WHAT TO PRODUCE: Of the entries below, restate word for word only the section that runs from the line with "9月1日,北京,大街小巷掛上" to the line with "The food was", counting both ends.

DATA FOR THIS EXERCISE:
═══

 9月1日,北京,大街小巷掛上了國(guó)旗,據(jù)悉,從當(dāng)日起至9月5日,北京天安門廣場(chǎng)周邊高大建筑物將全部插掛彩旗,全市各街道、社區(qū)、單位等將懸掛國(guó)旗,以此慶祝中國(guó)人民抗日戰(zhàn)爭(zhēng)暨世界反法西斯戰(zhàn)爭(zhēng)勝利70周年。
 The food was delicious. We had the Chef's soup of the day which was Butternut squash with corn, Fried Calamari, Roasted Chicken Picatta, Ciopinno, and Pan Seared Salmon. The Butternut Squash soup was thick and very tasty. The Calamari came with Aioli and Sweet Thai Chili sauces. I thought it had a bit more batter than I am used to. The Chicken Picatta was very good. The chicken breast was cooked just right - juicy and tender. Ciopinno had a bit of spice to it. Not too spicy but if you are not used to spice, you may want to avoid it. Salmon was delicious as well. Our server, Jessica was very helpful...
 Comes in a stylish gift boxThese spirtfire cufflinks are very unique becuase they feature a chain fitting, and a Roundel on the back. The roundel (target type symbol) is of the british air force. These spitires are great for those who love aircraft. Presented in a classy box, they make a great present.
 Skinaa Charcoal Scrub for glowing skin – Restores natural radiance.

═══

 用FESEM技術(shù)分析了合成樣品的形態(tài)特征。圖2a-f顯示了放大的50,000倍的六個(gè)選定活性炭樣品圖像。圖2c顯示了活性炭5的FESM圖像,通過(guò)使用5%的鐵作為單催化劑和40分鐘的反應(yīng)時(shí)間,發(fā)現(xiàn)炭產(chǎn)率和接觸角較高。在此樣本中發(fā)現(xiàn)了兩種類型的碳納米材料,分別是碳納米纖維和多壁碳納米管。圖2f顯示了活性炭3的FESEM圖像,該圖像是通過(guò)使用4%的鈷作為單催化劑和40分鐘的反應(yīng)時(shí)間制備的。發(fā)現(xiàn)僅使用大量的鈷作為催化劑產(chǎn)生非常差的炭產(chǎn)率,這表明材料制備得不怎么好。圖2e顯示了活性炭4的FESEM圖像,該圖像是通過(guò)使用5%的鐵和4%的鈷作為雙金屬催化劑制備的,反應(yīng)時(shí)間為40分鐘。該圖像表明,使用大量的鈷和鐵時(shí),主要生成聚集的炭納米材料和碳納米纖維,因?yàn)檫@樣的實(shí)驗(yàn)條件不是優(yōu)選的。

═══

SOLUTION FOR THIS TASK:
 9月1日,北京,大街小巷掛上了國(guó)旗,據(jù)悉,從當(dāng)日起至9月5日,北京天安門廣場(chǎng)周邊高大建筑物將全部插掛彩旗,全市各街道、社區(qū)、單位等將懸掛國(guó)旗,以此慶祝中國(guó)人民抗日戰(zhàn)爭(zhēng)暨世界反法西斯戰(zhàn)爭(zhēng)勝利70周年。
 The food was delicious. We had the Chef's soup of the day which was Butternut squash with corn, Fried Calamari, Roasted Chicken Picatta, Ciopinno, and Pan Seared Salmon. The Butternut Squash soup was thick and very tasty. The Calamari came with Aioli and Sweet Thai Chili sauces. I thought it had a bit more batter than I am used to. The Chicken Picatta was very good. The chicken breast was cooked just right - juicy and tender. Ciopinno had a bit of spice to it. Not too spicy but if you are not used to spice, you may want to avoid it. Salmon was delicious as well. Our server, Jessica was very helpful...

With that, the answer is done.